● What to do
Instruction for the entries below: return the part that opens with the line containing "काँग्रेस-राष्ट्रवादी काँग्रेस, वंचित" and closes with the line containing "The 2026 Barletta", exactly, and no pictures.

··· Input material ···

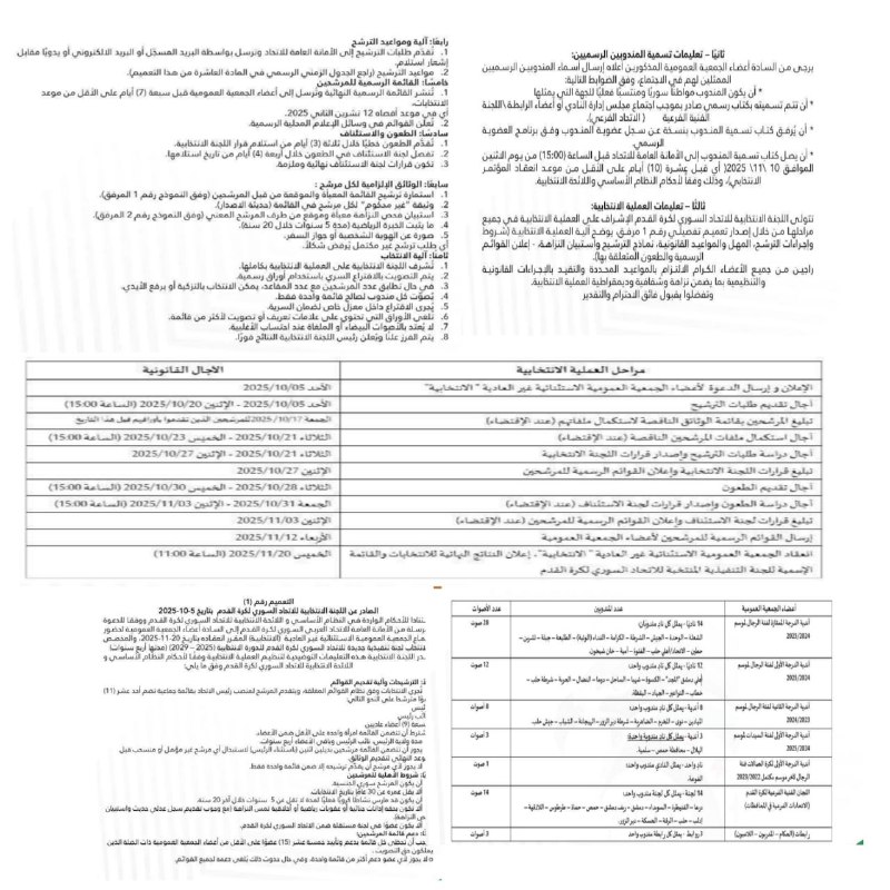 وجاء في التعميم الرسمي، بأن الانتخابات المُقبلة ستُقام يوم الخميس (2025/11/20) الساعة الحادية عشرة، فيما ترسل القوائم الرسميّة للمرشحين لأعضاء الجمعية العموميّة يوم الأربعاء (2025/11/12) على أن يبدأ باب الترشح للانتخابات، اعتباراً من يوم أمس الأحد (2025/10/5) وينتهي يوم الإثنين (2025/10/20) الساعة (15:00) وتضمنت موافقة الفيفا كل ما قامت به لجنة الانتخابات بطلبها، وهو الدعوة لجمعية عمومية، وإجراء بعض التعديلات على بنود اللائحة الخاصة به، وبحسب التعميم الرسمي للأمانة العامة، فإن الفيفا وافق أيضاً على تكليفات اللجنة الانتخابية، الخاصة بإدارة العملية الانتخابية المُقبلة، مُشدداً على عدم ترشح أعضائها لهذه الانتخابات.
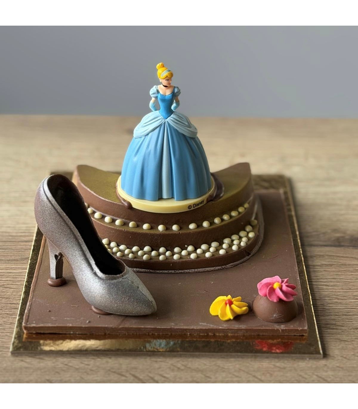 Base, escaleras y zapato de chocolate con leche. Flores de azúcar.
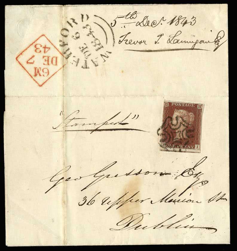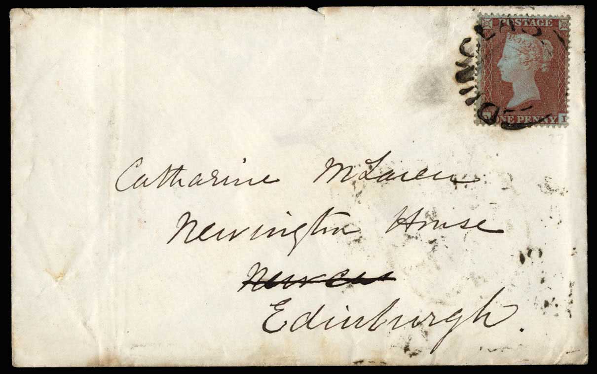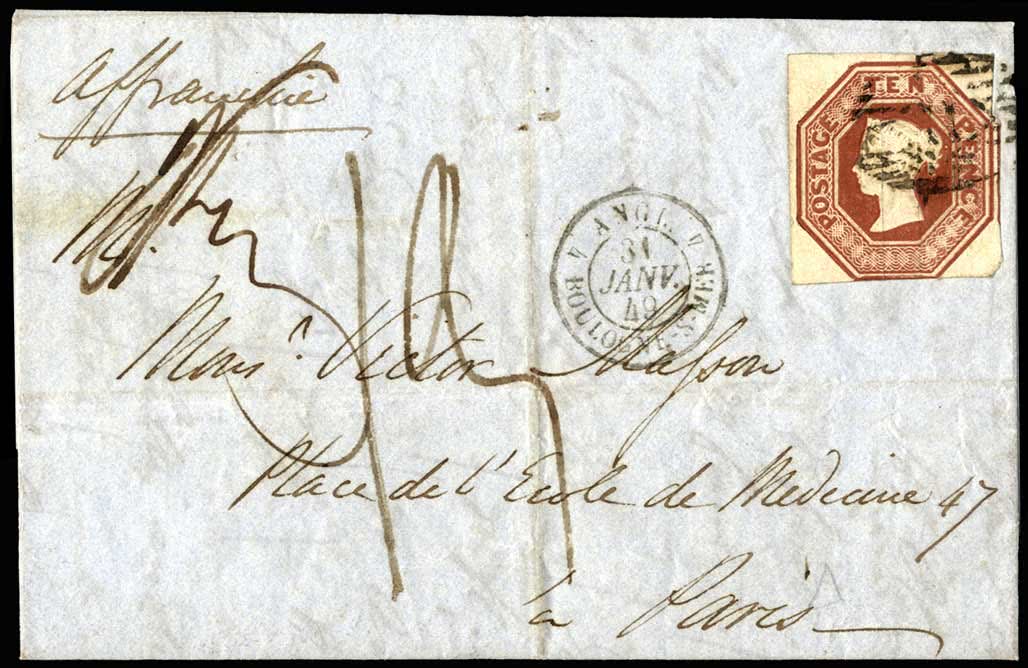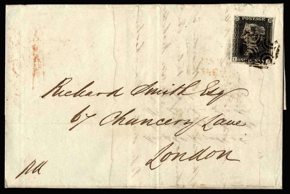 Collections and Mixed Lots: 1840–70 various mostly covers incl. 1840 (Oct.) envelope from London to Abergavenny bearing 1840 1d. PL with three margins, placed upside down and with red Maltese Cross leaving the Queen completely clear, 1840 (Nov.) from London to Ayr, redirected three times and variously paid in cash and once with 1840 1d. LK, 1846 (Sept.) cover from India to London via Southampton, redirected from London to Somerset with 1841 1d. NH, 1854 (Jan.) cover from London to Dieppe bearing 1841 2d. plate 4 PG-PK strip of five, etc., also 1938 International Labour Office letter sheet bearing 1937–47 1/2d., 1d., 11/2d. and 21/2d. cancelled ''GOVERNING BODY/I.L.O./24 OC/38/LONDON W.1'' c.d.s's. (18 items).
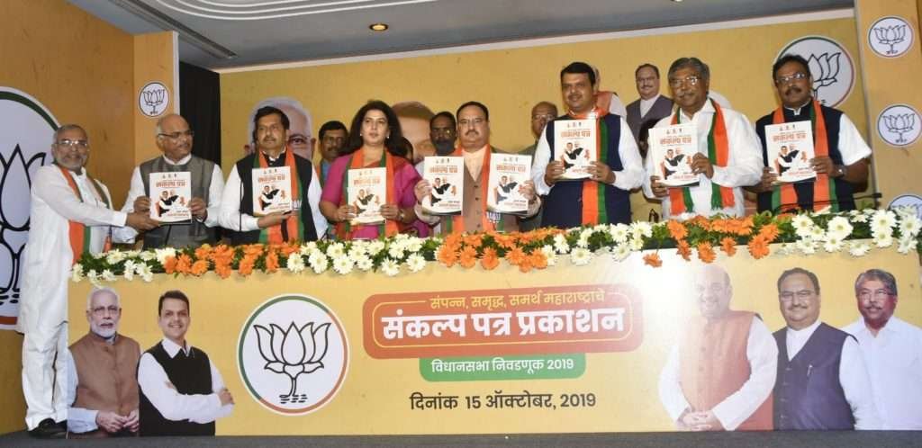 काँग्रेस-राष्ट्रवादी काँग्रेस, वंचित बहुजन आघाडी आणि शिवेसेनेचा जाहीरनामा प्रसिध्द झाल्यानंतर मतदानाला अवघ्या ५ ते ७ दिवस शिल्लक राहीलेले असताना भाजपाने आपला संकल्प पत्र अर्थात जाहीरनामा आज जाहीर केला. रंगशारदा येथे आयोजित कार्यक्रमाला मुख्यमंत्री देवेंद्र फडणवीस, प्रदेशाध्यक्ष चंद्रकांत पाटील, राष्ट्रीय कार्यकारी अध्यक्ष जे.पी.नड्डा, राज्याच्या प्रभारी सरोज पांडे यांच्यासह अनेक मान्यवर उपस्थित होते.
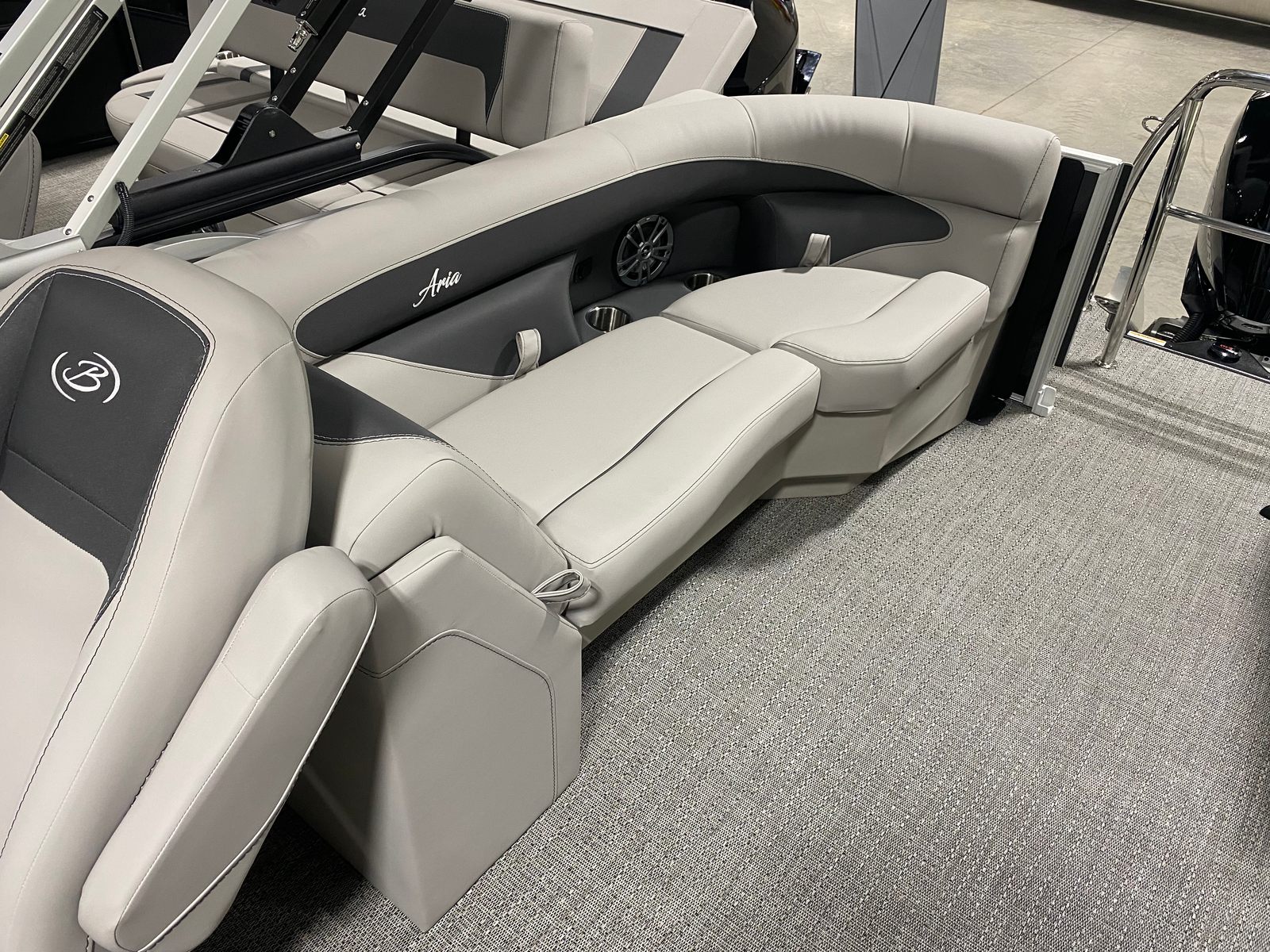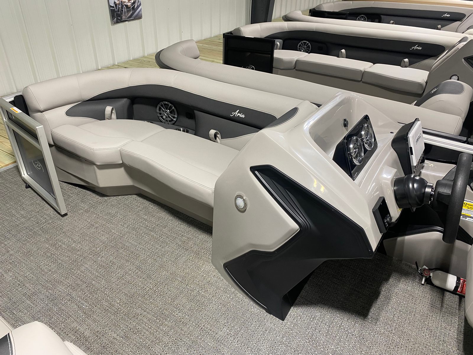 The 2026 Barletta Aria A22QC-Platinum is a brand-new pontoon boat measuring just over 21 feet in length. This versatile vessel is engineered to provide ample space for friends and family, making it ideal for social gatherings, leisurely cruises, or exciting water adventures. The sleek Railskin Color Aria in Black Diamond gives the exterior a sophisticated, modern look, while the Tempest Gray furniture and Amore Gray flooring create an inviting and comfortable atmosphere onboard. With its contemporary design and attention to detail, this Barletta pontoon boat is sure to turn heads wherever you go.
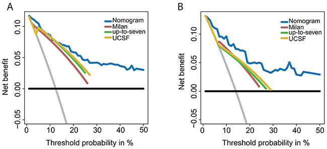 In our study, the nomogram demonstrates the highest curve compared to Milan, UCSF, and up-to seven criteria, revealing that it is the optimal decision-making strategy for PM prediction [11-13] (Figure 3).

···

● Result of this task
 काँग्रेस-राष्ट्रवादी काँग्रेस, वंचित बहुजन आघाडी आणि शिवेसेनेचा जाहीरनामा प्रसिध्द झाल्यानंतर मतदानाला अवघ्या ५ ते ७ दिवस शिल्लक राहीलेले असताना भाजपाने आपला संकल्प पत्र अर्थात जाहीरनामा आज जाहीर केला. रंगशारदा येथे आयोजित कार्यक्रमाला मुख्यमंत्री देवेंद्र फडणवीस, प्रदेशाध्यक्ष चंद्रकांत पाटील, राष्ट्रीय कार्यकारी अध्यक्ष जे.पी.नड्डा, राज्याच्या प्रभारी सरोज पांडे यांच्यासह अनेक मान्यवर उपस्थित होते.
 The 2026 Barletta Aria A22QC-Platinum is a brand-new pontoon boat measuring just over 21 feet in length. This versatile vessel is engineered to provide ample space for friends and family, making it ideal for social gatherings, leisurely cruises, or exciting water adventures. The sleek Railskin Color Aria in Black Diamond gives the exterior a sophisticated, modern look, while the Tempest Gray furniture and Amore Gray flooring create an inviting and comfortable atmosphere onboard. With its contemporary design and attention to detail, this Barletta pontoon boat is sure to turn heads wherever you go.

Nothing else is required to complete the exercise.